Validation accuracy stuck at fixed number

I’have implemented the same network in Keras and I expect to get the exact same results in pytorch, but during training I see no progress. I suspect that my layers are not connected the way I expect them to be. When I check layer’s shape for layer in final.children() I only get one print which is [(1,1)]

class MyModel(nn.Module):
    def __init__(self):
        super(MyModel, self).__init__()
        self.conv1 = nn.Conv2d(256, 1, 1)
        self.flatten = nn.Flatten()
        self.fc1 = nn.Linear(14*14, 1)

    def forward(self, x):
        output1 = F.sigmoid(self.conv1(x))
        output2 = F.sigmoid(self.fc1(output1))
        return output2

class Final(nn.Module):
    def __init__(self):
        super(Final, self).__init__()
        pretrained_model = torch.hub.load('pytorch/vision:v0.6.0', 'densenet201', pretrained=True)
        model = MyModel()
        list_of_layers = list(pretrained_model.features)[:8]
        self.final_model = nn.Sequential(*list_of_layers)

    def forward(self, x):
        outputs = list()
        for ii, model in enumerate(self.final_model):
            x = model(x)
            if ii == 8 or ii == 10:
        return outputs

list(model.children()) will only contain the child modules, i.e. [Conv2d(256, 1, kernel_size=(1, 1), stride=(1, 1)), Flatten(), Linear(in_features=196, out_features=1, bias=True)] and will miss the functional calls, which are defined in its forward method (F.sigmoid).
Wrapping models into an nn.Sequential container works, if you are just calling nn.Modules sequentially.

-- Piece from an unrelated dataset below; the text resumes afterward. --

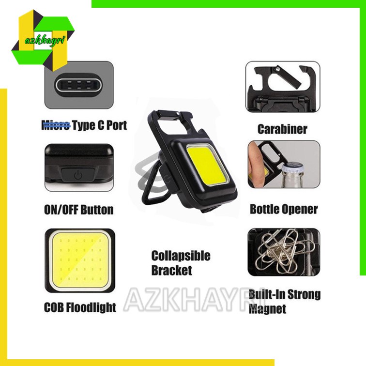Dengan Spesifikasi : - tekan tombol sekali nyala terangnya 60% mode redup nyala terangnya 30% - tekan tahan sampai 10 detik nyala full 100% super terang - Led COB memungkinkan cahaya sangat terang,dengan tipe cahaya menyebar - cas usb type c - 3 mode terang,redup,dan flash. - cas 1-2 jam full - mode on terus kuat sampai +- 4-5 jam - jarak jangkauan jauh hanya +- 8-10 meter karena cenderung menyebar dan dijamin super terang cahayanya - terdapat magnet dibelakang led bisa untuk servis mobil dan ditempel di kap tanpa harus dipegang terus. - bisa digantung layaknya gantungan kunci. - bisa di stand sesuai dengan keinginan - bisa digunakan sebagai pembuka tutup botol - waterproof - Dimensi Lampu 6 x 2 x 4,5 cm - berat 75gr

For your use case, you could probably append model to the final_model instead of its children.

Thanks for your reply that clears something up for me, but how can I get output shape for every layer to make sure model works properly.

The output shape of some layers depends on the input shape (e.g. for convolutions) and the output shape might be unknown before passing the real inputs.

For the sake of debugging you could add print statements into your forward method and check the shape of each activation. Alternatively, you could also manually calculate the output shapes, if the input shapes are known in advance, but the print approach is often simpler. :wink:

1 Like

Tnx for your response.